Not saying fried eggs, fried mushrooms, et cetera are bad, but they aren't bacon.
But otherwise why spoil the taste with (bacon, or bacon and egg) with anything extra, and that includes tomato ketchup and brown sauce (unless the sandwich is of low quality, then you have the MacDonalds approach to bacon sarnies)
Because ketchup and crispy fried bacon have a uniquely synergistic relationship. Far from spoiling the bacon, the ketchup improves it massively, and the bacon improves the ketchup.cheeseandham wrote: But otherwise why spoil the taste with (bacon, or bacon and egg) with anything extra, and that includes tomato ketchup and brown sauce (unless the sandwich is of low quality, then you have the MacDonalds approach to bacon sarnies)
Also, the ketchup helps to lubricate the bread, and frequently provides 100% of my daily fruit intake.
I subscribe to the Roman school of cured pork meats. I prefer lightly toasted white bread and sometimes ketchup, but by no means always.
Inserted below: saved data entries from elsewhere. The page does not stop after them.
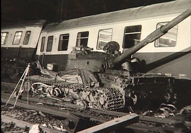 坦克撞火车苏军驻东德集团军干过,用世界第一款三代坦克T64撞上了载人的列车,列车拥有一个80吨重的火车头和13节车厢以110公里的时速被坦克撞毁了6节,80吨重的火车头直接被T64坦克撞翻。 说起冷战后期那会儿,东德土地上发生的事儿,总让人觉得时代变迁里藏着不少荒唐。1988年1月19日下午,苏军第八坦克师在福斯特·齐纳基地附近搞夜间驾驶训练,一辆T-64A坦克直接卡在了柏林-哈雷铁路线上头,正好挡住一趟从莱比锡开往施特拉尔松德的快速列车D 716。这趟车拉着12节客车厢加一节餐车,总共13节,车头是东德铁路的DR 211型柴油机车,重达80吨,里面塞了差不多450名乘客,大多是工人和学生赶着回家过年。列车以110公里的时速冲过来,刹车来不及,直接从侧面怼上坦克。结果呢,80吨重的车头被撞得翻了个个儿,六节车厢脱轨堆成一堆,两名火车司机当场没了命,另外四名乘客在送医院的路上也没抢救过来,总共六条人命没了,33个人带伤。这事儿在东德铁路史上排得上号的惨案,苏军坦克部队的训练失误直接酿成大祸。 先说说这辆T-64A吧,它可是苏联六十年代末搞出来的第一款第三代主战坦克,重量38吨出头,装了复合装甲和自动装弹机,火力机动性在当时算顶尖。可这玩意儿设计太复杂了,传动系统和电子元件一到冷天就爱出毛病,部队里经常报小故障。事故那天,这辆坦克是训练专用款,没上弹药也没装炮手,就用来教新兵开车。驾驶位上坐的是个19岁的哈萨克小伙子,叫奥哈波夫,俄语说得磕磕巴巴,刚入伍没几个月,还在适应部队节奏。旁边指导的是20岁的俄罗斯下士安德烈·彼得胡夫,服役一年多,经验不算少,但那天他也没能兜底。两人从基地开出来,本来是例行机动,绕着林区转悠。坦克接近铁路平交道口时,彼得胡夫让右转避开轨道,可奥哈波夫可能因为语言不通,误会了指令,直接往前冲。眼看不对劲,彼得胡夫赶紧用无线电喊停,没反应,又拉紧急开关想切断引擎,谁知开关坏了,坦克直接熄火卡死在铁轨上。俩人一看来不及了,干脆跳车跑了,留坦克在那儿当路障。 这铁路线是东德交通大动脉,平时苏军坦克训练就爱在这附近横冲直撞,铁轨边上没啥防护,东德铁路局早有怨言,说苏军坦克老是压弯轨道,影响行车安全。列车司机那边也知道这段路邪门儿,训练时间段他们总想绕道,可那天D 716准点发车,机车长拉满油门,乘客们在车厢里聊天看报,谁也没想到会撞上这么个铁疙瘩。碰撞那一瞬,80吨车头正面怼坦克侧履带,动能全砸上去,坦克被拖着滑了130米,履带断了但主体装甲纹丝不动,炮塔稳稳的。列车那边就惨了,车头翻出轨道,锅炉爆裂蒸汽乱喷,后面六节车厢轮子离轨,车体叠罗汉,玻璃行李撒一地。救援队赶到时,天都黑了,东德警察封了现场,苏军士兵帮忙抬人,临时帐篷里医生忙着止血包扎。整个清理花了三天,起重机才把车头吊起来,铁轨焊好才能通车。 这事故一出,东德和苏联的关系本来就绷着,这下更添火药味儿。八十年代末,戈尔巴乔夫推改革,东德领导人昂纳克不买账,两边外交上小摩擦不断。东德警方破天荒地把奥哈波夫和彼得胡夫抓起来审,东德人还申请拍坦克内部照片,查故障零件,得苏军上级点头才行。报告写得直白:坦克熄火是机械问题,列车司机刹不住,责任全在苏军头。俩人审完48小时内就被打包送回莫斯科,交给苏军军事法庭。法庭上翻训练日志,查操作记录,彼得胡夫因为指导不力挨处分,奥哈波夫经验浅也跑不了。俩人下场不明朗,有说法是重罚甚至枪毙,但苏联官方只说“他们得到了应有的惩罚”,具体没细表。东德铁路局狮子大开口,要苏军赔1350万马克修车修路,苏方拖着没给,账单黄了。 搁在当时,这事儿在东德媒体上报道得挺敞亮,不像以往苏军出事总捂着。西德电视台第二天就播了,民众议论纷纷,东德人开始公开吐槽苏军训练乱套。福斯特·齐纳基地是苏军大本营,占地几千公顷,坦克天天在这儿练,周边铁轨成坦克道,事故前就出过小毛病,像坦克压弯轨导致晚点啥的。这次大祸后,基地周边铁轨边上加了龙牙混凝土桩,挡坦克过道,夜训程序也改了,强调设备检查和语言协调。新兵训练多加俄语课,避免误会。T-64的毛病也暴露无遗,这坦克虽先进,但维护门槛高,苏军在东德驻扎几十万兵,装备更新跟不上,类似故障不是头一回了。 放长远看,这撞车事件像个小缩影,映出冷战末尾华约阵营的松动。苏军在东德有50多个师,坦克上万辆,训练强度大,但后勤和协调跟民用交通总有摩擦。东德人表面上兄弟国家,心里早有疙瘩,这事儿一闹,舆论压力上来了。苏联解体前,东德也跟着变天,1990年两德统一,苏军撤军时基地扔下一堆烂摊子,包括这事故留下的疤。坦克那头呢,T-64服役到九十年代,乌克兰和俄罗斯还用着,但早期型号的可靠性问题一直被诟病。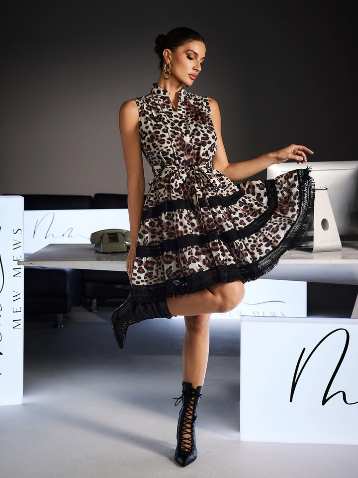 Fermina Sleeveless Leopard Tie Up Mini Dress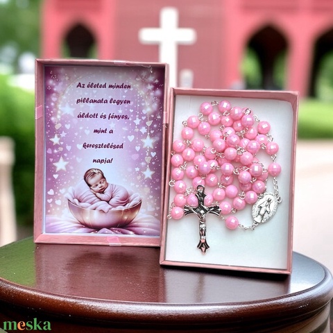 Keresztelő ajándék rózsaszín öttizedes rózsafüzér díszdobozban kísérő szöveggel lány gyermeknek 5601995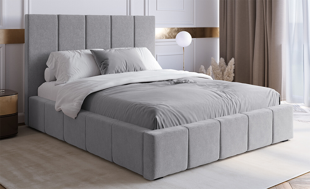 Vertikální prošívání dodává posteli jedinečný charakter a vytváří tak poutavý kus nábytku, který vynikne v každém aranžmá.

The addition of an egg (presumably over-easy, though that's an Americanism that despite years of Hollywood indoctrination I still fail to understand) is permissable under the right circumstances - usually in the field when getting fresh food inside you as quickly as possible is essential before the next battle run.
I have also been known to eat bacon and cheese baguettes but only in foreign countries.
I have also been known to eat bacon and cheese baguettes but only in foreign countries.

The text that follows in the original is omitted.